Single by Theodor Andrei

from the album Fragil.
- Language: English, Romanian
- Released: 19 December 2022
- Genre: Sleaze rock
- Length: 3:42 (album version); 2:59 (National Final version); 2:54 (Eurovision Version)
- Label: Electrecord
- Songwriters: Theodor Andrei; Mikail Jahed; Luca de Mezzo; Luca Udățeanu;

Theodor Andrei singles chronology
| "Prigoria Teen Fest" (2022) | "D.G.T. (Off and On)" (2022) |  |

Music video
- "D.G.T. (Off and On)" on YouTube

Eurovision Song Contest 2023 entry
- Country: Romania
- Artist: Theodor Andrei
- Composers: Theodor Andrei; Mikail Jahed;
- Lyricists: Theodor Andrei; Mikail Jahed; Luca de Mezzo; Luca Udățeanu;

Finals performance
- Semi-final result: 15th
- Semi-final points: 0

Entry chronology
- ◄ "Llámame" (2022)
- "Choke Me" (2026) ►

Official performance video
- "D.G.T. (Off and On)" (Second Semi-Final) on YouTube

= D.G.T. (Off and On) =

2023 song by Theodor Andrei

"D.G.T. (Off and On)" (played on degete /ro/, fingers) is a song by Romanian singer Theodor Andrei, released on 16 December 2022. The song was originally released as a 2022 song as part of an album with Romanian singer Luca Udățeanu on Andrei's album, Fragil.

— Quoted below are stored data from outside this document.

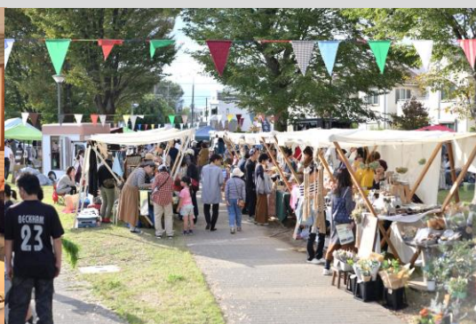
△つながりづくりのための施策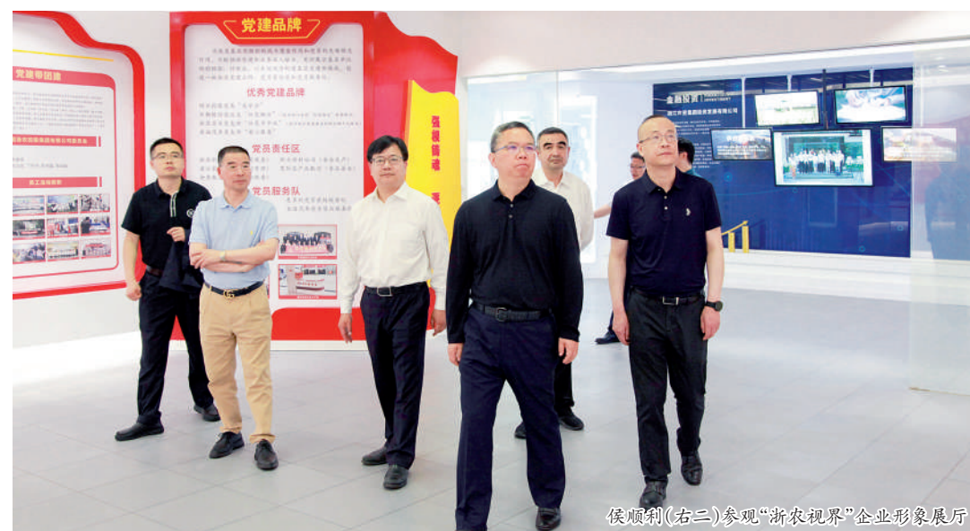
侯顺利(右三)参观“浙农视界”企业形象展厅

在实地参观浙农科创园、“浙农视界”企业形象展厅后,侯顺利听取了浙江省供销社党委委员、理事会副主任沈省文、浙农控股集团党委书记、董事长李文华及浙农茂园有关负责人作的为农服务、社企发展等汇报,对浙江省供销社在“三农”、推动改革、加快社企发展等方面的成果给予充分肯定。他指出,浙江省供销社围绕习近平总书记亲自命题的“三位一体”改革任务,聚焦为农服务重点领域,通过社有企业这一重要抓手,持续推动农村流通体系建设和为农服务能力提升,为推进乡村振兴和农业农村现代化做了很多卓有成效的工作。浙农控股集团作为供销社系统的龙头企业,坚持“在社大中为农服务,在为农服务中社大”,通过改革创新走上高质量发展之路,有关经验值得很好总结和推广。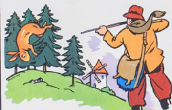
an to nin a tu é ja no! la pin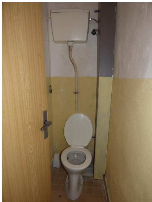
▲ Toaleta pre pedagógov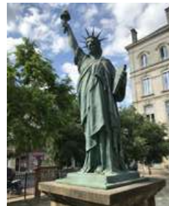
Maison Gobineau et statue de la Liberté à Bordeaux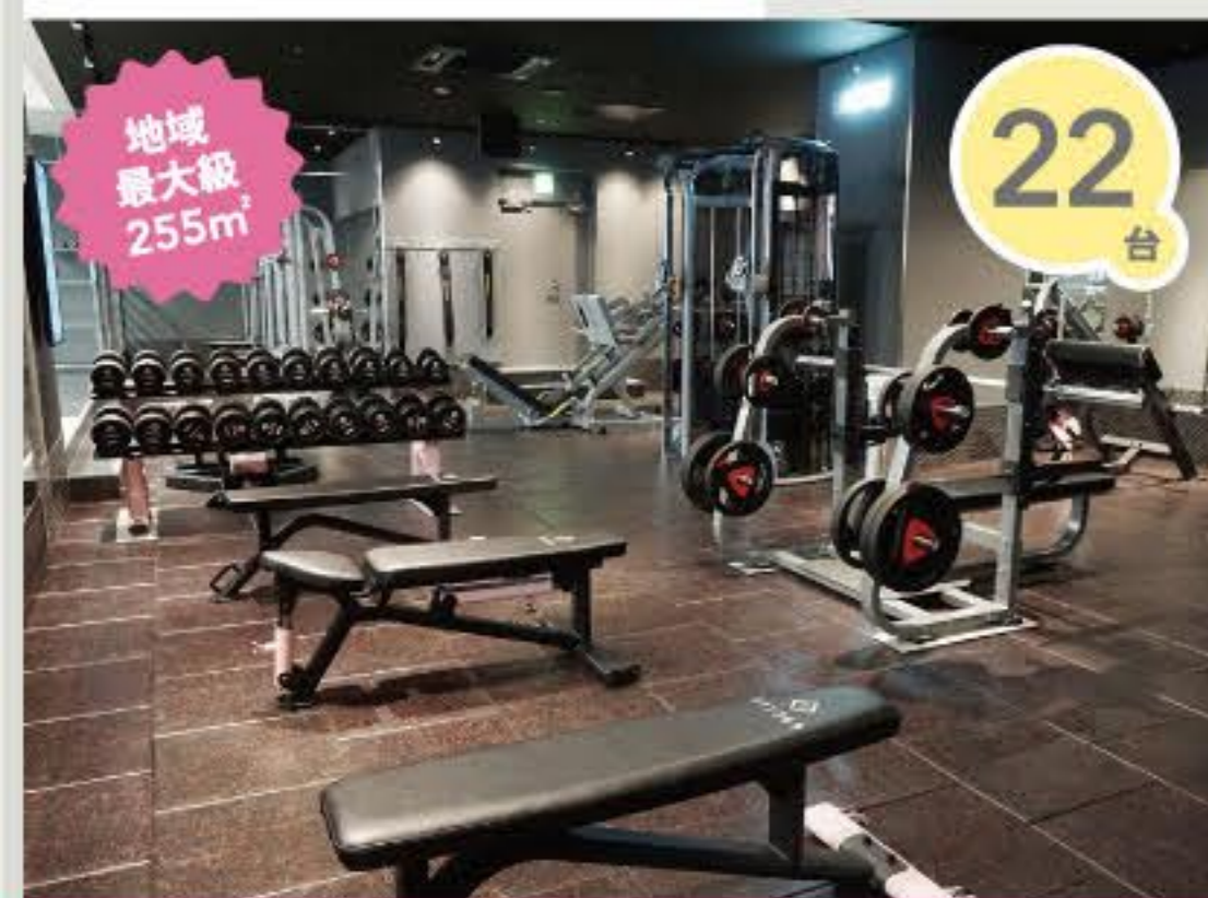
フリーウェイトエリア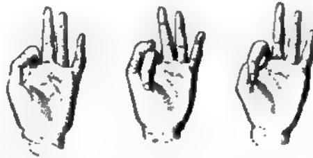
Сорокъ. Пятьдесятъ. Шестьдесятъ. Фиг. 6.

большой и указательный пальцы, соприкасающиеся своими концами (т.-е., образующие нечто въ родѣ кольца), обозначаютъ . . . . 30.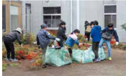
10月 白方小美化作業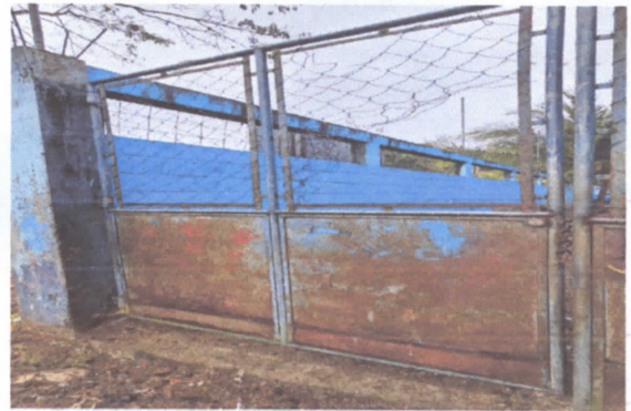
Mantenimiento a portones de metal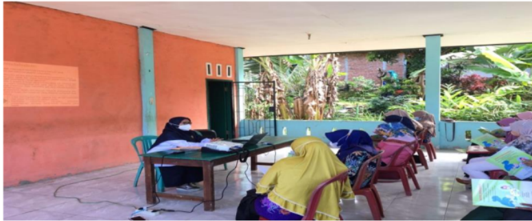
Gambar 2. Pelatihan kader “SAHABAT”

Hasil pengetahuan kader sebelum dan setelah diberi pelatihan dapat dilihat pada tabel 1.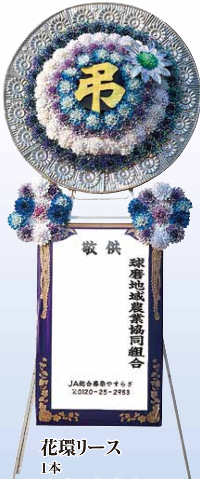
花環リース 1本 10,800円 (税込)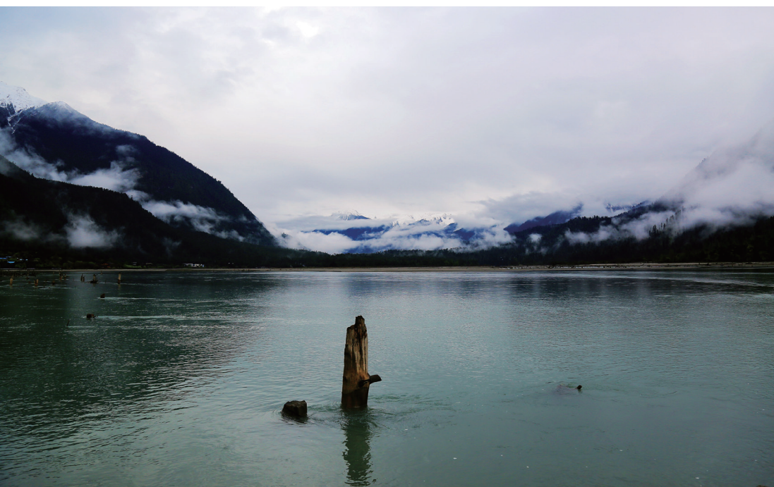
第七天的景观之一：古乡湖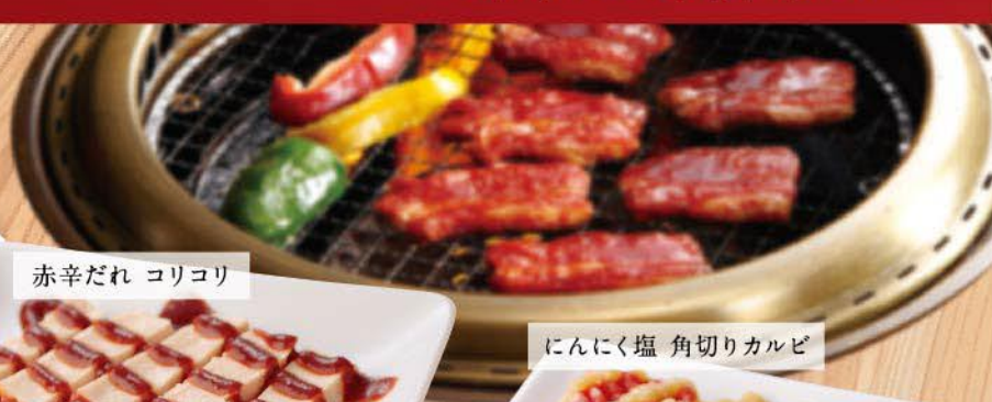
赤辛だれ コリコリ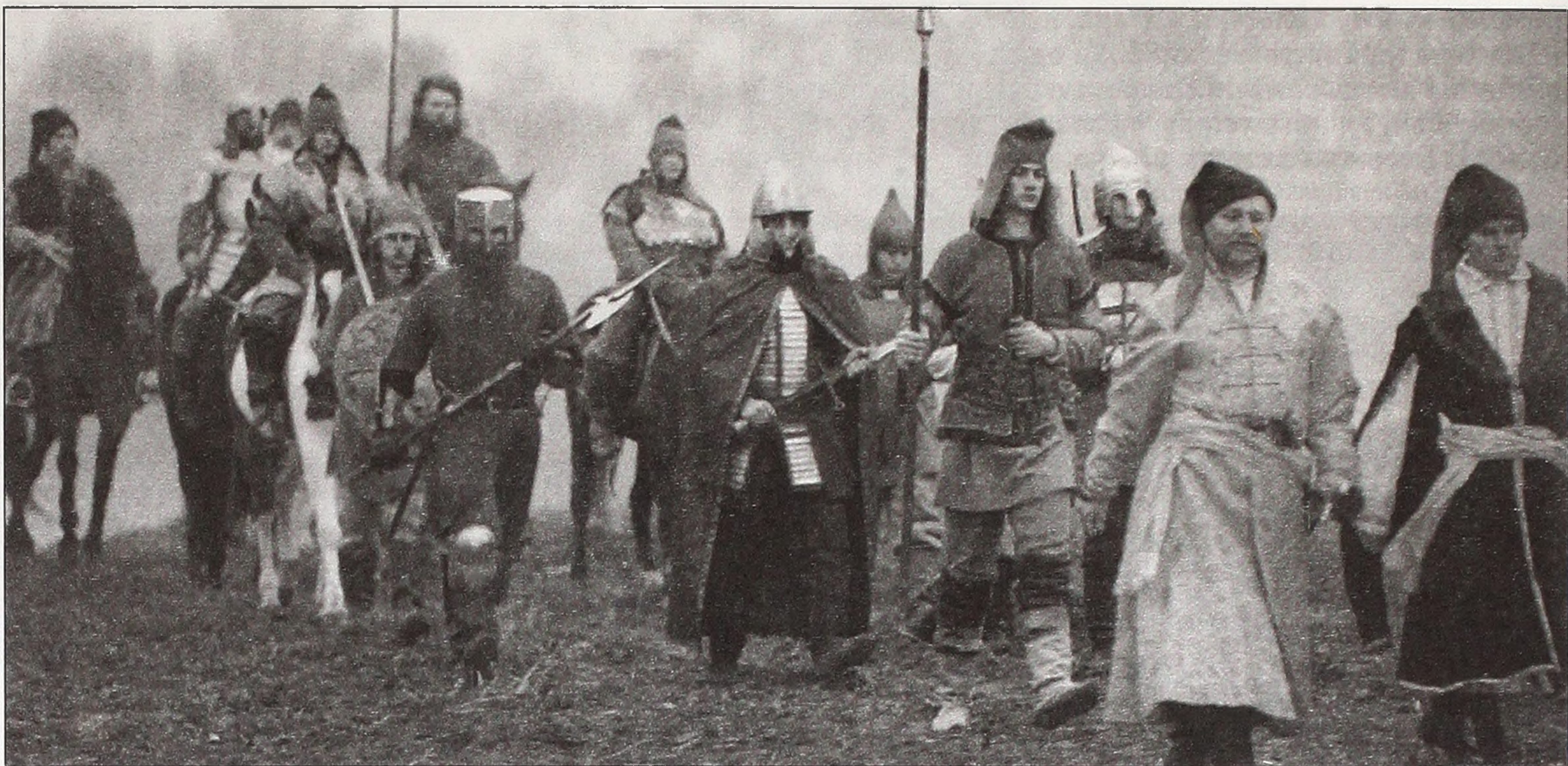
■ Кадр з фільму «Братство».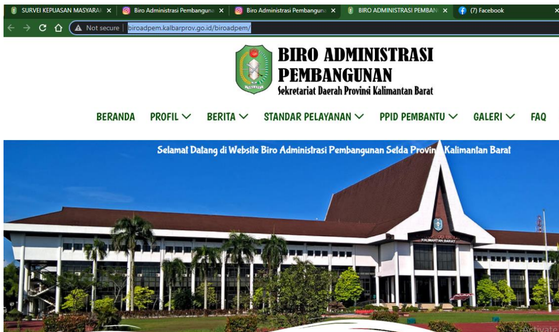
Gambar 4 Website Biro Administrasi Pembangunan

Terdapat beberapa pelayanan yang tersedia pada layanan Front Office Biro Administrasi Pembangunan Setda Prov. Kalbar, seperti Informasi Pembangunan Strategis Prov. Kalbar. Selain memberikan informasi berdasarkan permintaan dari pemohon, Tim PPID Biro Administrasi Pembangunan juga aktif memberikan informasi publik melalui Website Biro Administrasi Pembangunan yang dapat diakses pada alamat http://biroadpem.kalbarprov.go.id/biroadpem/ sebagai sarana utama Tim PPID Biro Administrasi Pembangunan dalam memberikan informasi publik.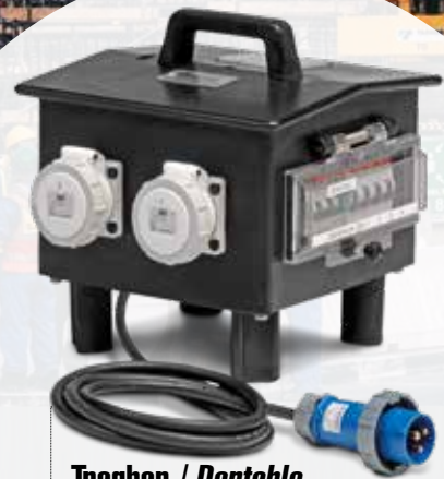
Tragbar / Portable Trafo / Transformateur Hoher IP / Haute IP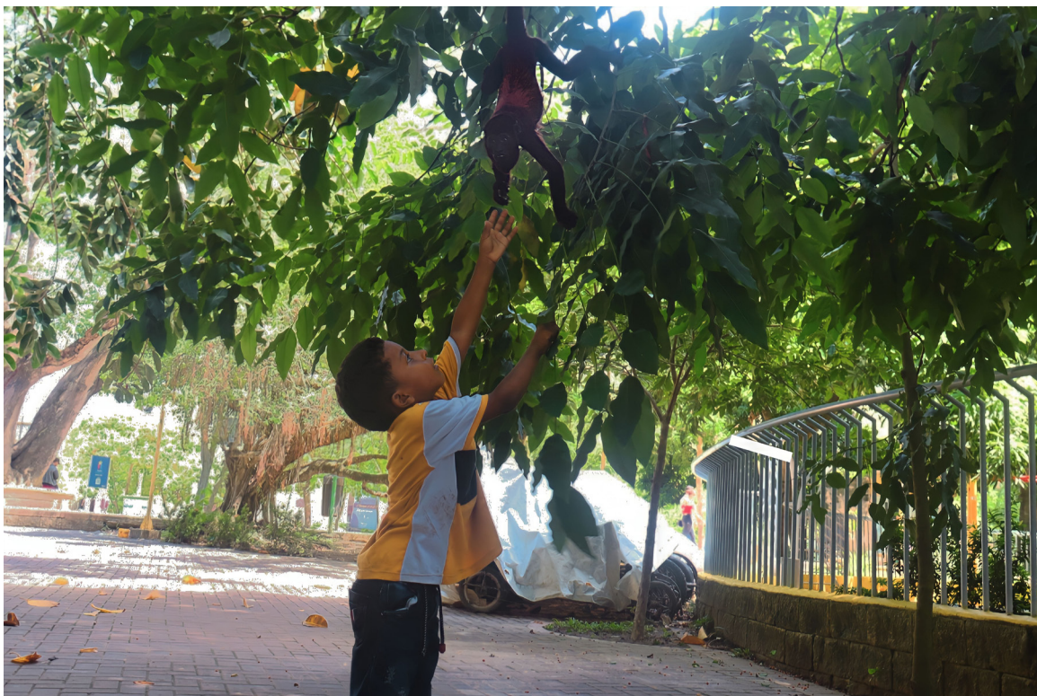
Figura 6. La creación. Ronda del Sinú.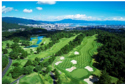
瀬田ゴルフコース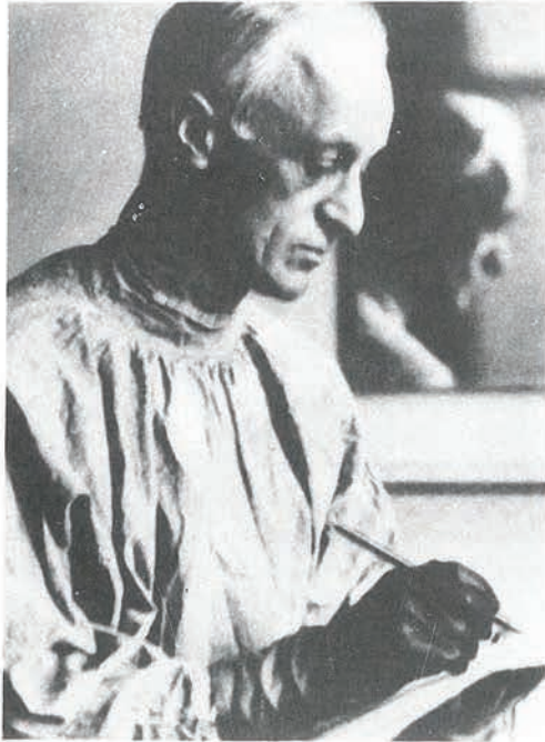
El neurocirujano Harvey Cushing.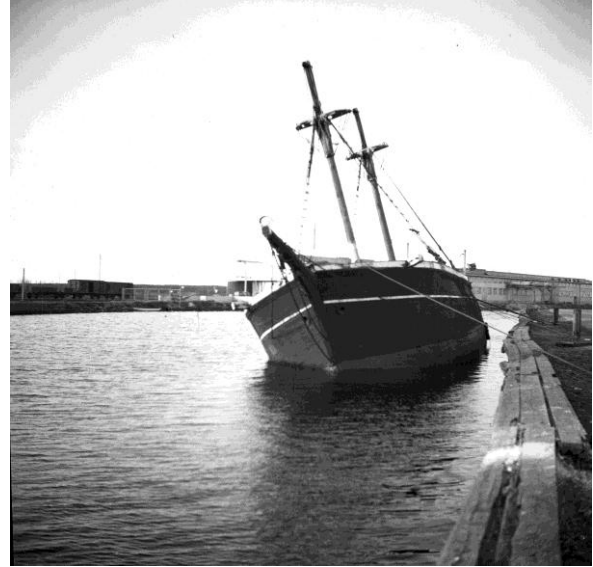
Gerda Baggarevarvet

För den som vill läsa mer om varvsverksamheten i Gävle rekommenderas en artikel i ämnet av Nils Sjökvist publicerad i Länspumpen nummer 3, 2022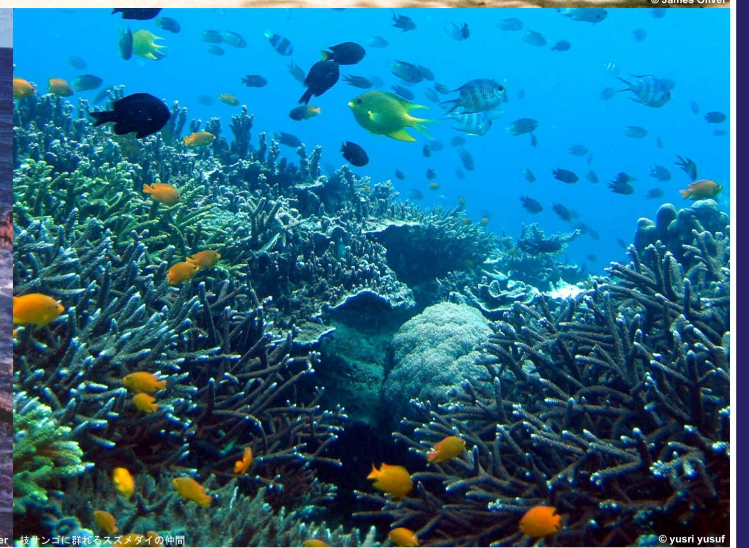
サンゴに群がるスズメダイの群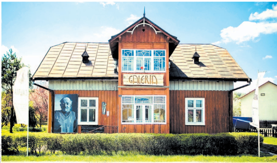
Na budynku Galerii pojawiają się coraz to inne, zaskakujące elementy graficzne

Budynek, owszem, bardzo fajna sprawa, ale skądinąd wiem, że przez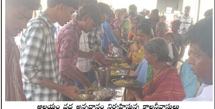
ఆలయం వద్ద అన్నదానం నిర్వహిస్తున్న కాలనీవాసులు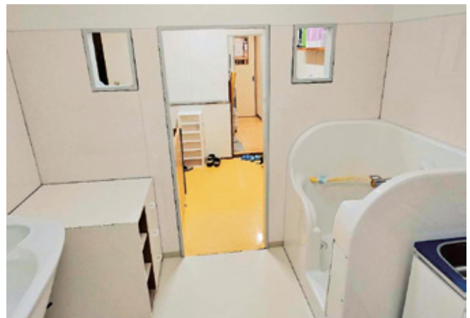
修繕した沐浴室の様子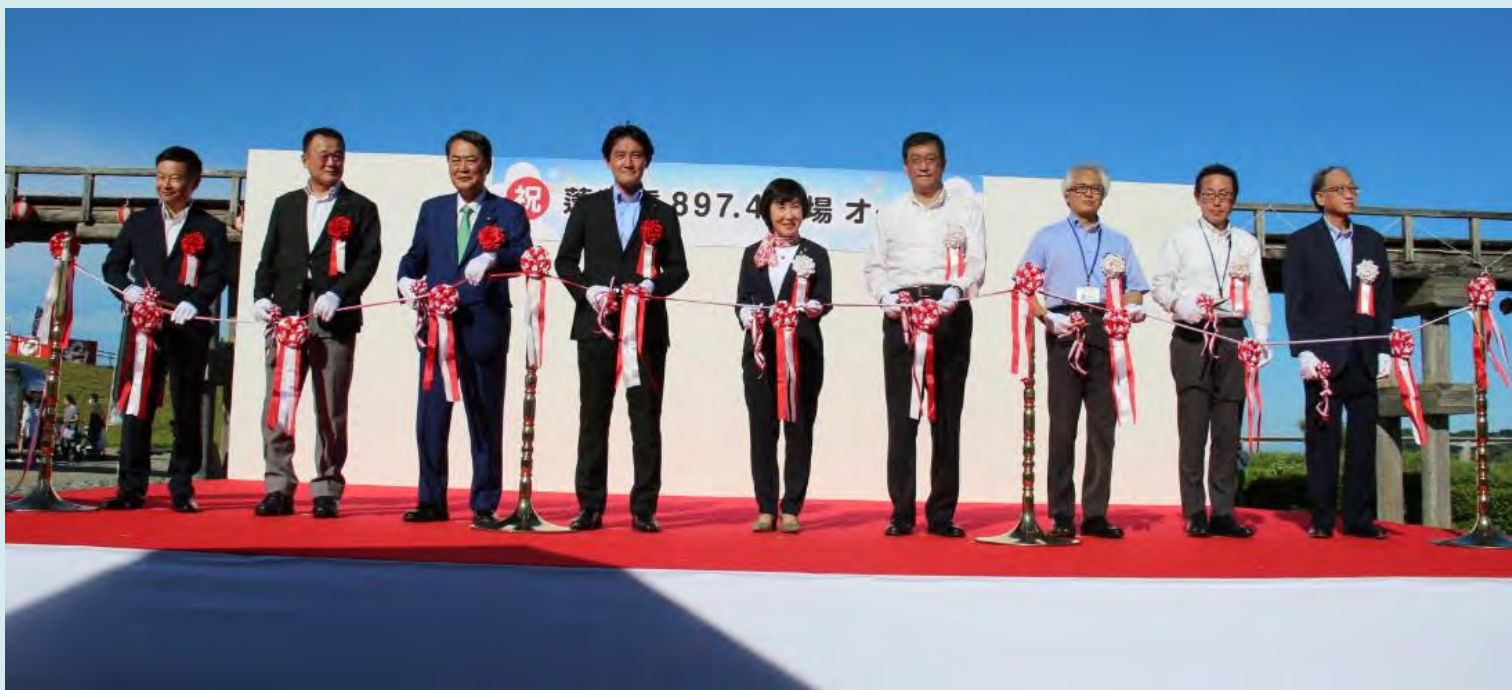
7月30日(土) 蓬莱橋897.4広場オープニングセレモニーを開催

After being remade as a solo-version made specifically to enter Selecția Națională 2023, the Romanian national selection for the Eurovision Song Contest 2023, the song would manage to win the competition, therefore earning the Romanian spot for that year's contest.

== Background ==
In interviews, Theodor Andrei expressed a desire to mix several musical genres that would both appeal to Romanians and foreign listeners, wanting to create a song that Romania had "never sent to the grand final."

== Composition ==
Andrei describes "D.G.T. (Off and On)" as "a love story where reason is in conflict with instinct, where passion and safety duel." The song speaks about the good and bad sides of falling in love, including passion, sex, maturity, lies, and other ideas closely related towards love. Andrei reportedly wrote the instrumental "out of boredom", and with the help of friend Luca De Mezzo, would then write the pre-chorus of the song. It would take around one week for Andrei to complete the instrumental and the first verses of the song. Vultures Jon O'Brien noted that the song "is sleaze rock with the emphasis on the sleaze".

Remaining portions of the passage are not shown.